The detainee is shown to the deeply cushioned easy chair while the interrogator and translator sit across a coffee table from him in two simpler seats.
An oriental-style carpet covers the floor of a typical interrogation cell. A television set, a coffee maker and a small refrigerator complete the welcoming image.
Not all traces of prison life have been erased. Padding covers portions of the cell wall to absorb sound, and a steel ring is set in the floor in front of the detainees' seat to which he is always cuffed.
A buzzer is located on the wall just behind the interrogator in case of trouble.

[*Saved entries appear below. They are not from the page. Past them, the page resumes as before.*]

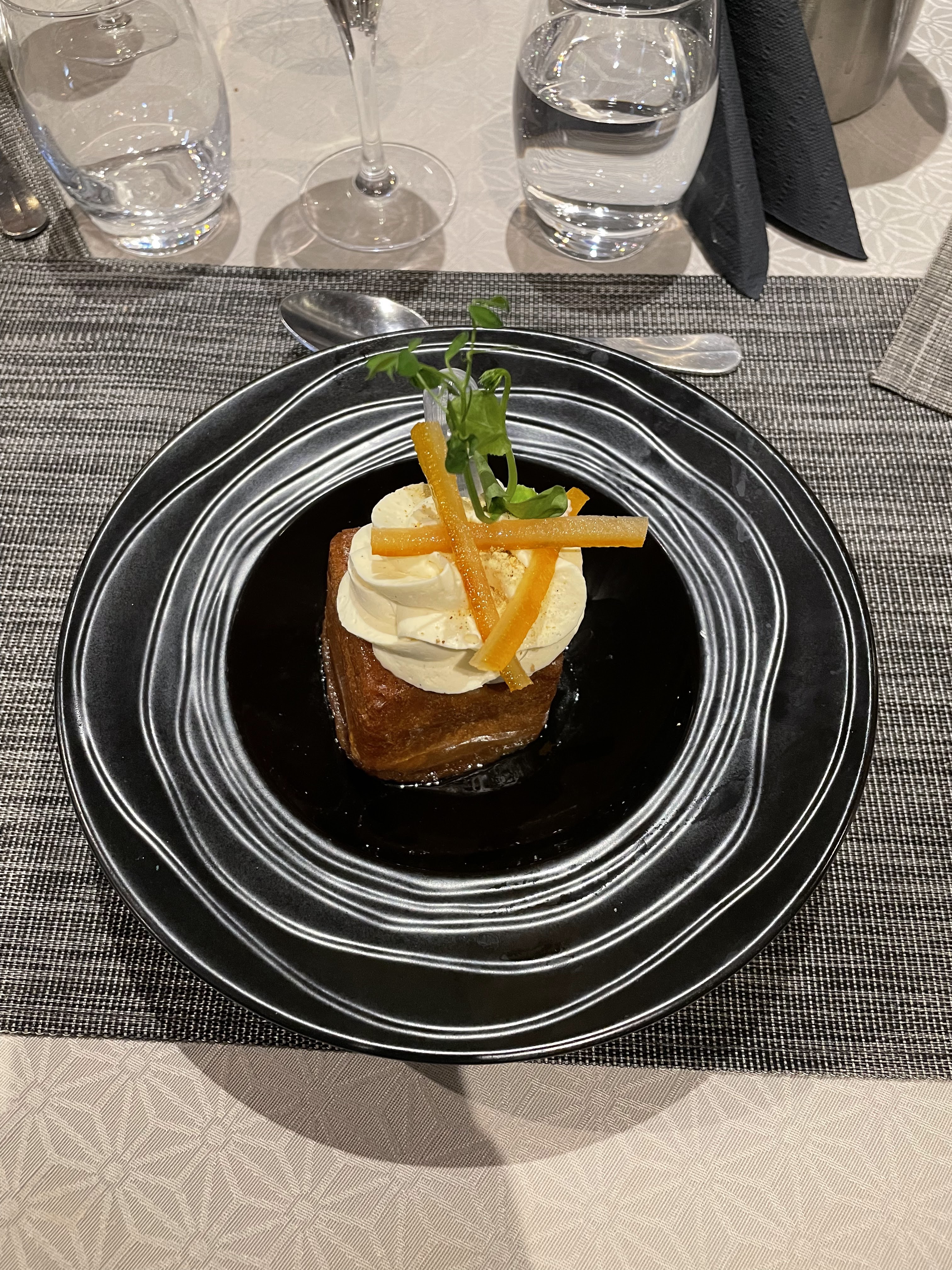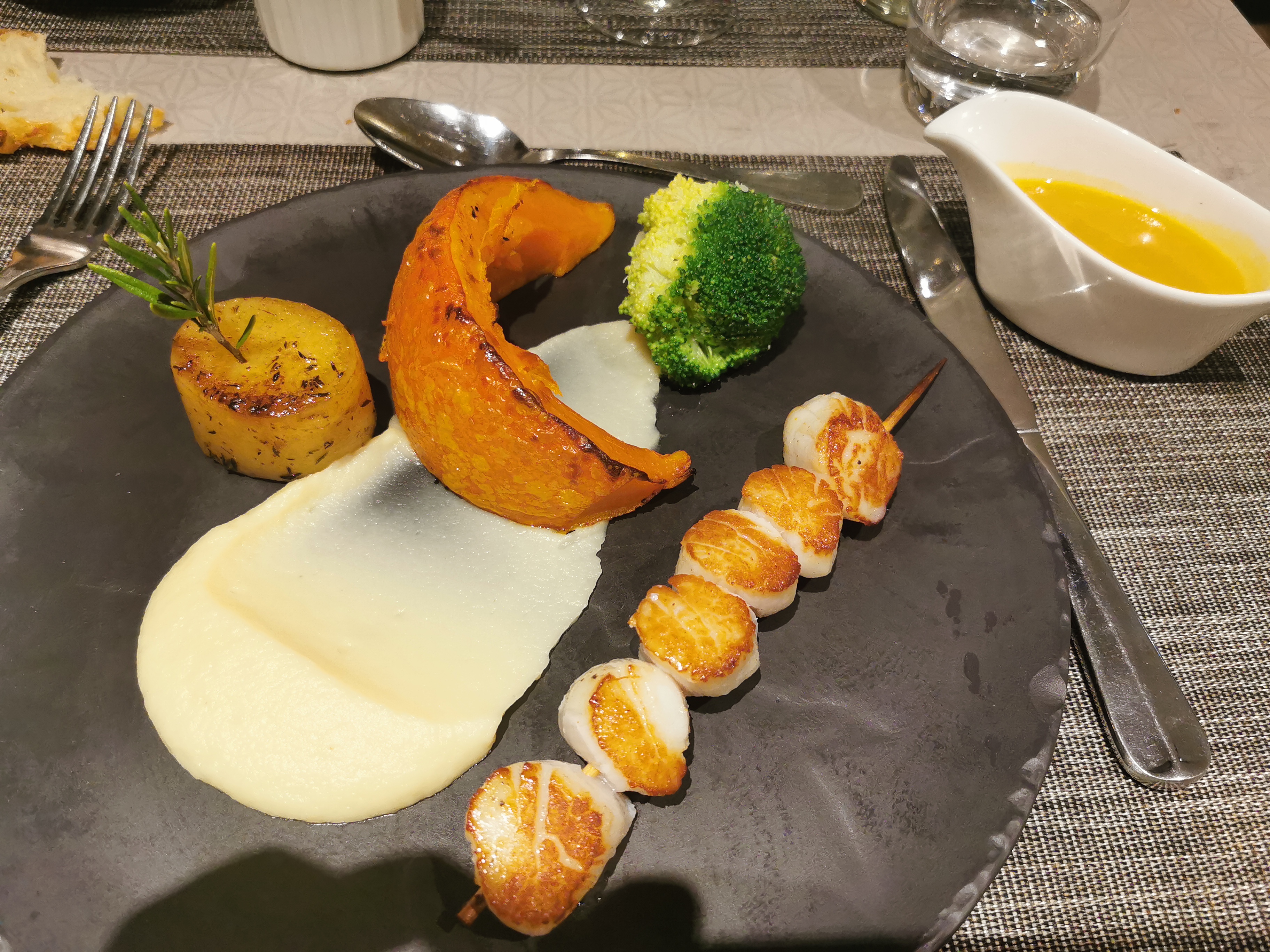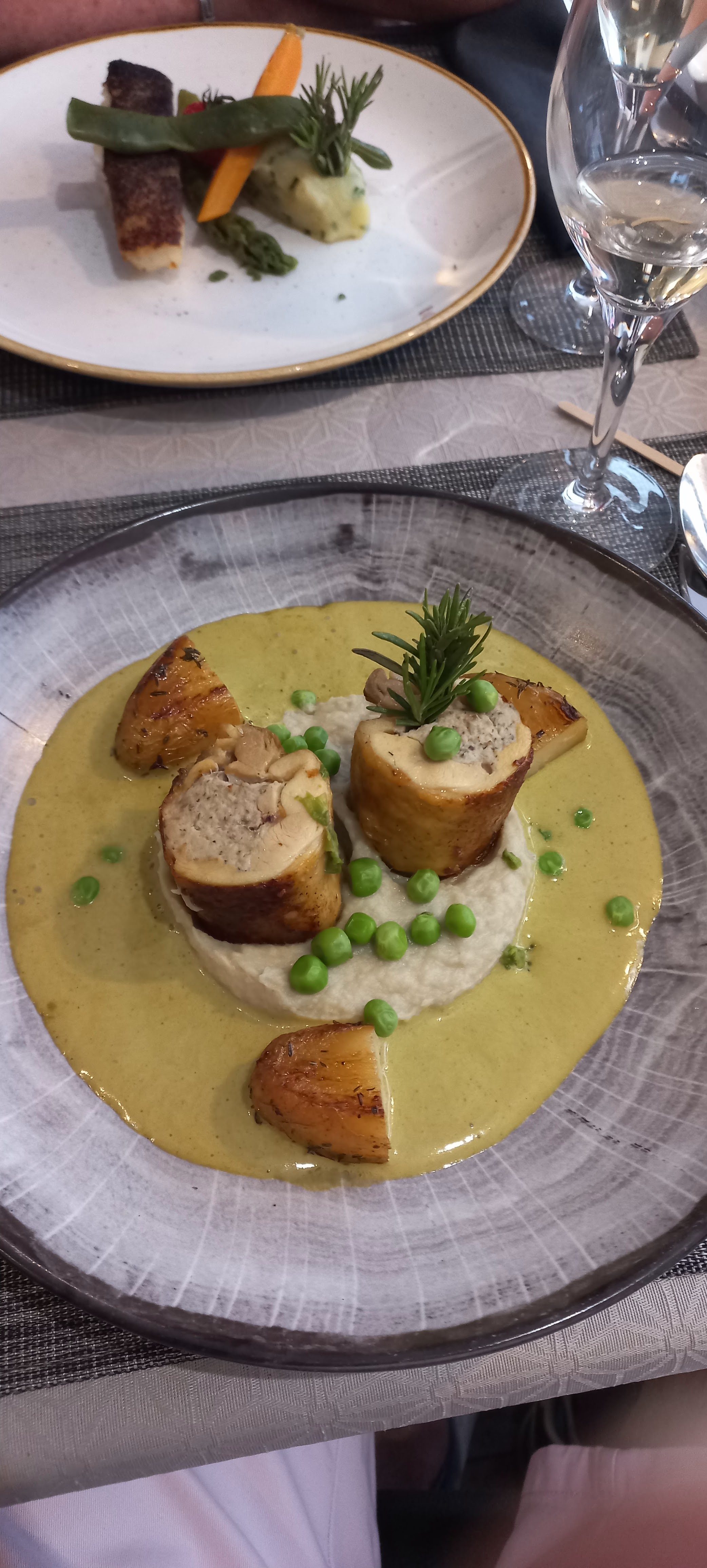 Bonjour et merci à vous. Nous avons adoré de l'entrée au dessert. Foie gras : Super bon, bien assaisonné, manque juste un confit d'oignon pour ceux qui n'aiment pas la figues. La daurade : super bon le poisson était super fin et le soupçon de safran était vraiment le petit plus dans le beurre blanc. La mousse au chocolat : super bon car malgré un chocolat noir à 70% la fleur de sel enlève l'amertume. La crème brûlée : caramel du dessus parfaitement brûlé par contre pas fan de la fève de tonka. Merci encore. Je reviendrai en espérant goûter le suprême de poulet :).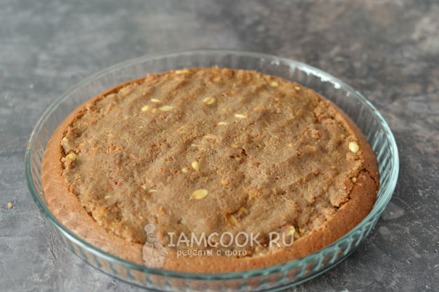 А затем уплотните ложкой, чтобы пирог приобрёл первоначальную форму.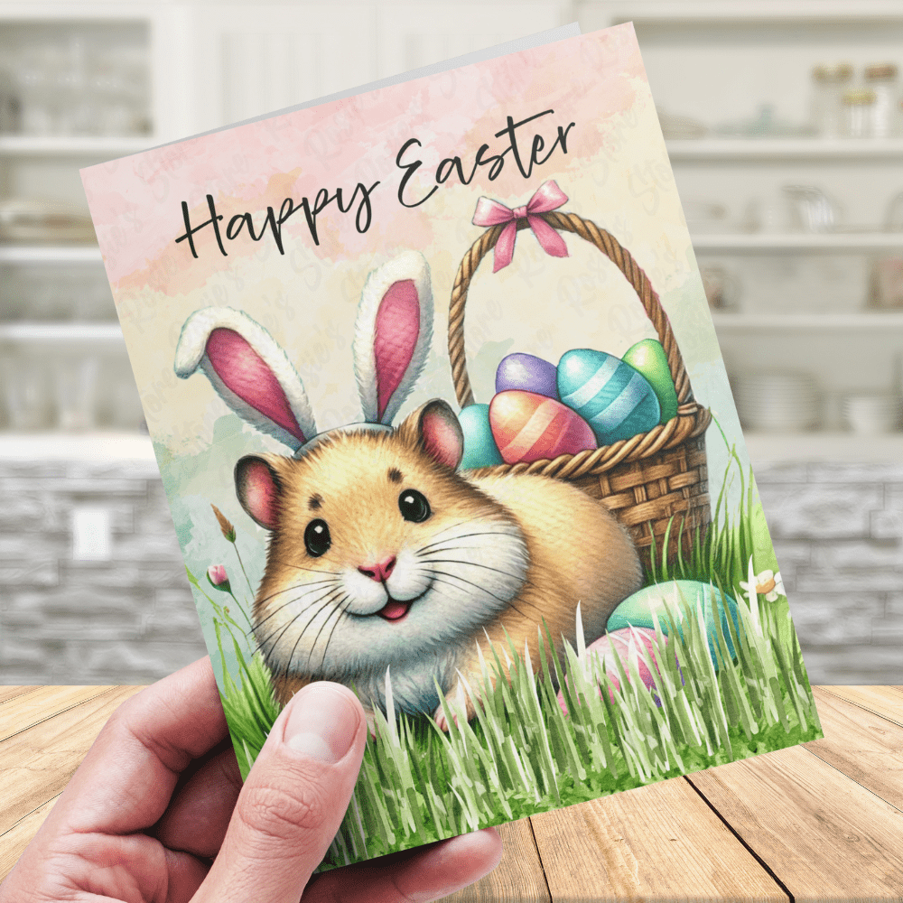 - Design: Showcases a charming watercolor illustration of a hamster wearing bunny ears, sweetly laying next to a festive Easter basket, bringing a heartwarming touch of holiday joy.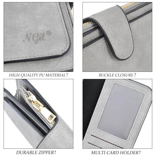 HOT ! NGIL Women Wallet Faux Leather RFID Trifold, High Capacity Women Wallet, Multi Credit Card Holder Organizer Ladies Clutch, Faux Leather Vintage Wallet (Grey)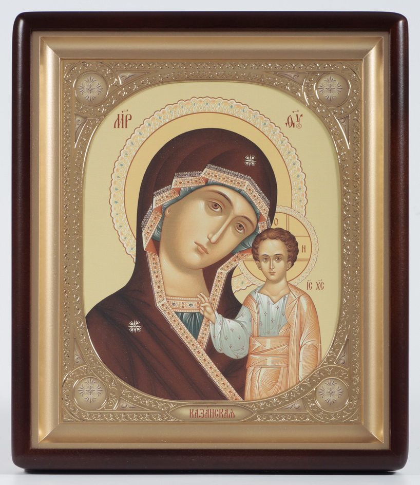 Икона в киоте 24х30 фигурный, канвас, рамка овальная золочёная Божией Матери «Казанская»

A detainee may be questioned three or four times a week, usually by the same interrogator. So they can get quite close over time, the military official said.
Interrogators sometimes bring McDonalds hamburgers or other fast food as treats.
"That brings them a lot of joy," said the official, who like others here do not allow their names to be used.
"They'll share a meal with the interrogator and the linguist. They'll discuss things. They'll be very jovial, you'll hear a lot of laughing."
"And sometimes they'll be more serious and somber and distant. It all depends on the actual person that is being interrogated."
The detainee observed by the reporters remained subdued for most of the time except for brief moments when he appeared to blurt out a few words, then sinking back into himself.
A substantial portion of the prisoners at Guantanamo, most of whom have been here since early 2002, have refused to interrogated, the official said.
"Some of them go to the interrogation room, sit down, look at the floor and never say a word," he said.